I wanted to say all the things that Picasso, who was exceedingly secretive, kept quiet about in his lifetime. I don’t mean scandalous things. Picasso didn’t like people asking a lot of embarrassing questions or digging too deep into his psyche, into his manner of working.
I saw him regularly over a period of about 10 years and he relaxed with me — I was young; 25 in 1949. Picasso was astonishingly kind and generous to me, because I think he realized — in fact, I know he realized — that I had an obsession with his work and that I intuitively knew what he was up to.
At what point did you conceive of the biography?
Originally, I wanted to do a book on Picasso’s portraits. Dora Maar, who was Picasso’s mistress from 1936 to 1945, said to me that when the woman in Picasso’s life changed, everything else would change — the style, the house, the poet, the circle of friends, the dog, the food, you name it — and that this was reflected above all in the portraits. Picasso was amused by the idea — this was in 1960-61 — and he gave me a lot of information.

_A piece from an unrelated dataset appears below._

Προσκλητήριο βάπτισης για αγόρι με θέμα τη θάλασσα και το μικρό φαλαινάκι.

Soon after I got to New York, I organized a nine-gallery show [in 1962]. Nine of the biggest galleries in New York each took a different period of Picasso’s life. Picasso was very helpful, and I began to see the development in terms of the various women. Then I thought, “Oh hell, that’s all very well, but why not just write a biography.”
I want to share an observation that I’ve had about the writing style. It seems that you’ve created a fact-driven, nuts-and-bolts narrative that avoids certain novelistic techniques. There’s little attempt to get inside Picasso’s head or to dramatize certain situations. And unlike in many biographies of artists, there isn’t much art theory —
Picasso loathed theory, or rather distrusted it.

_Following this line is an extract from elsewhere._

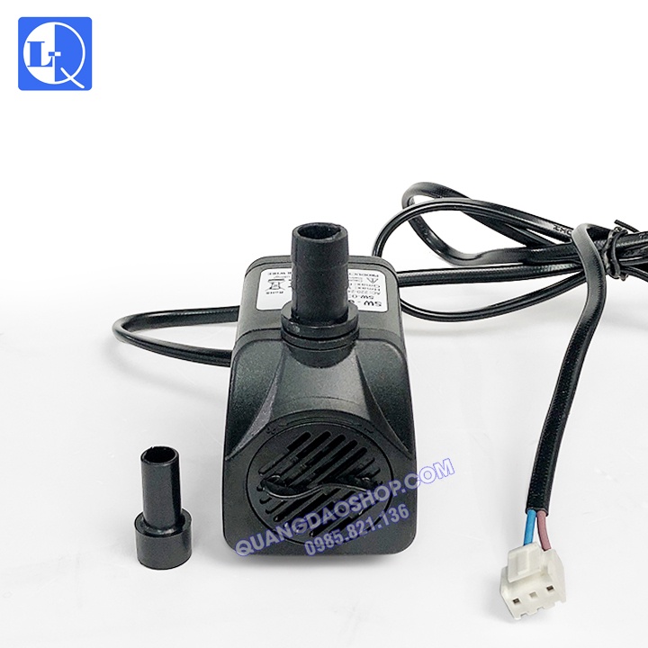 - Do bơm này thiết kế dùng cho quạt hơi nước nên dây nguồn của bơm có giắc cắm bo mạch, nêu AE dùng cho công việc khác như bơm dùng cho bể cá, bể thủy sinh, thác nước tiểu cảnh cảnh.... thì khi về AE phải đấu thêm phích cắm vào để cắm vào ổ điện nhé.
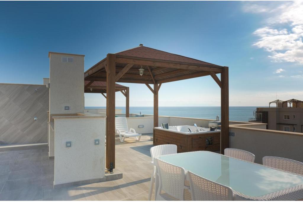 Our two bedroom penthouse apartments offer those looking for outside living the ultimate space and facilities. Jacuzzi, BBQ area, shower and pergola provide all you need to enjoy the long hot summers. The kitchen and living room open onto an additional terrace with double sliding patio doors. The apartments are finished to a high standard with the added benefit of additional turn-key packs available, including electrical items and furnishings.

I didn’t keep theory out of my book, but I kept it in its place. In the third volume I redefined Picasso’s relationship to the Surrealists. None of the recent exhibitions devoted to Picasso and Surrealism face up to the fact that Picasso had a deep distrust of Bretonian surrealism, with its emphasis on Freud and Marx, dream states, and automatic techniques. So much for theory.
Insofar as anyone can with a great artist, I did my best to identify the roots of his imagery.

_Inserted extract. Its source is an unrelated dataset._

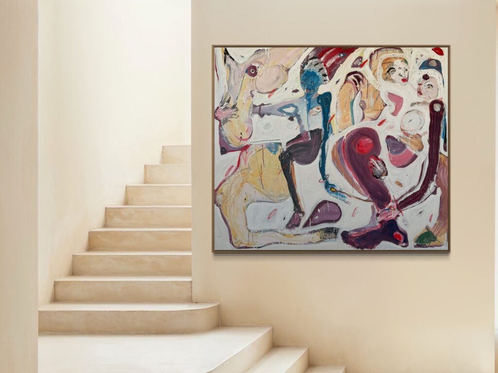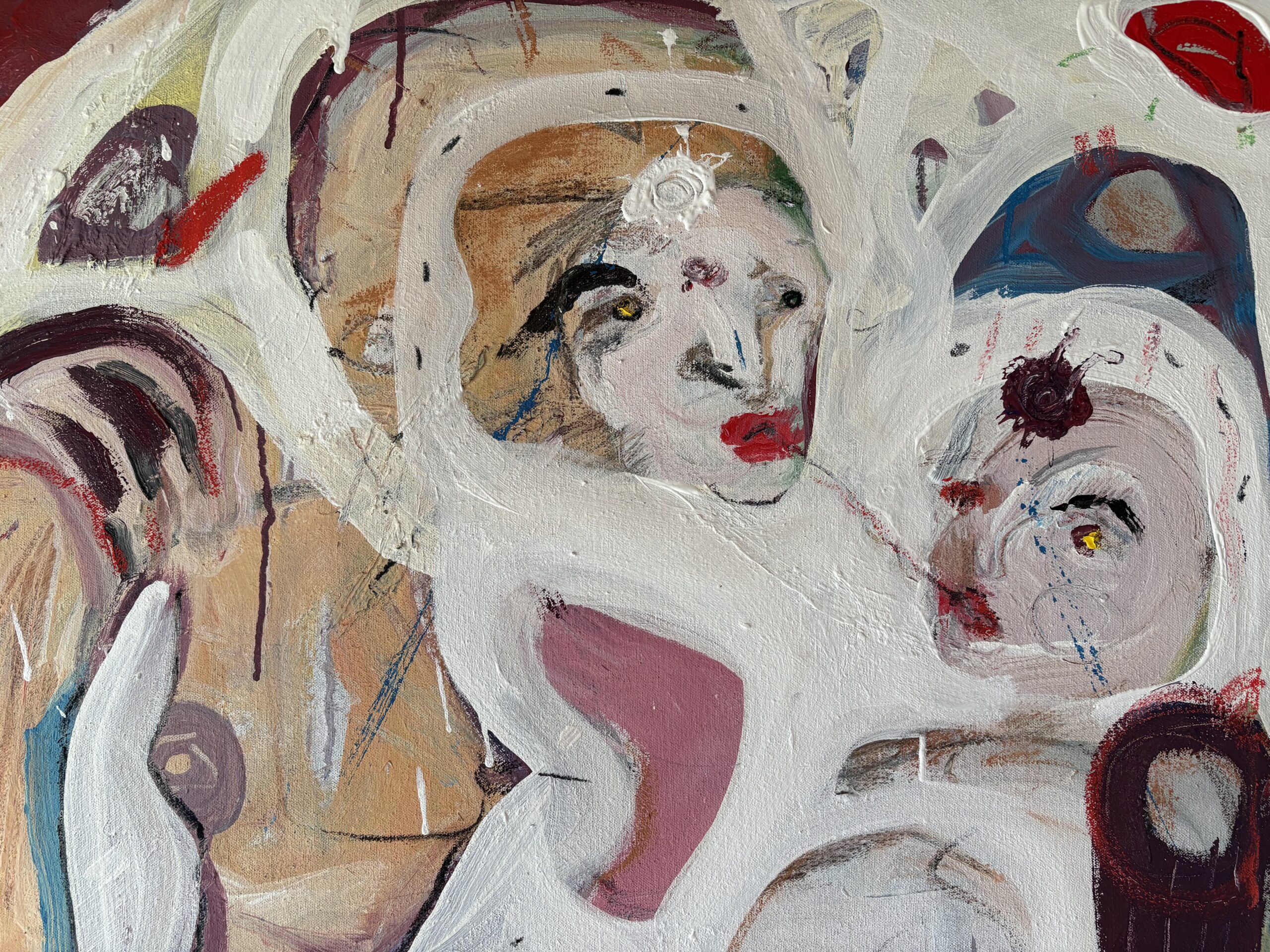 Acrylic, charcoal, pastel, oil stick, clay on canvas

But that’s different from getting into his head, from opening up his mental processes. You give a great sense of who he was, but this comes out of a cumulative effect of the description of what he was working on, of small daily events.
Well, Picasso said to me more than once, “My work is a diary, and it should be seen as such.” And that’s what I did.
Picasso took pride in being a paradox. He was consciously a paradox, and plays up his paradoxical sides, which makes things extremely difficult for a writer. I realized fairly early on that whatever you say about Picasso, the reverse is often equally true. I don’t think anyone before had faced up to certain facts. For instance, the curiously bourgeois streak in Picasso in the midst of his bohemianism. But again that’s part of the paradox.
I understand that the funding for the book has been a challenge. I’ve heard that the image costs have been greater than the sales revenues. Is it true that you published two books between volumes two and three in part to raise money?
Well, it’s partly correct. Far more to the point, Picasso was extremely generous to me and gave me a number of drawings and prints and other things, virtually all of which have had to be sold to pay for the book. It wasn’t the illustrations so much — although the charge for copyright and for royalties is considerable — but the research, travel, books. And the advances from my publishers weren’t nearly enough to keep me going for the ten years volume three took to write. In the end, my friend Mrs. Sid Bass came to my rescue and got a lot of her collector friends to contribute to the John Richardson Fund for Picasso Research, and that’s what’s kept this labor of love going.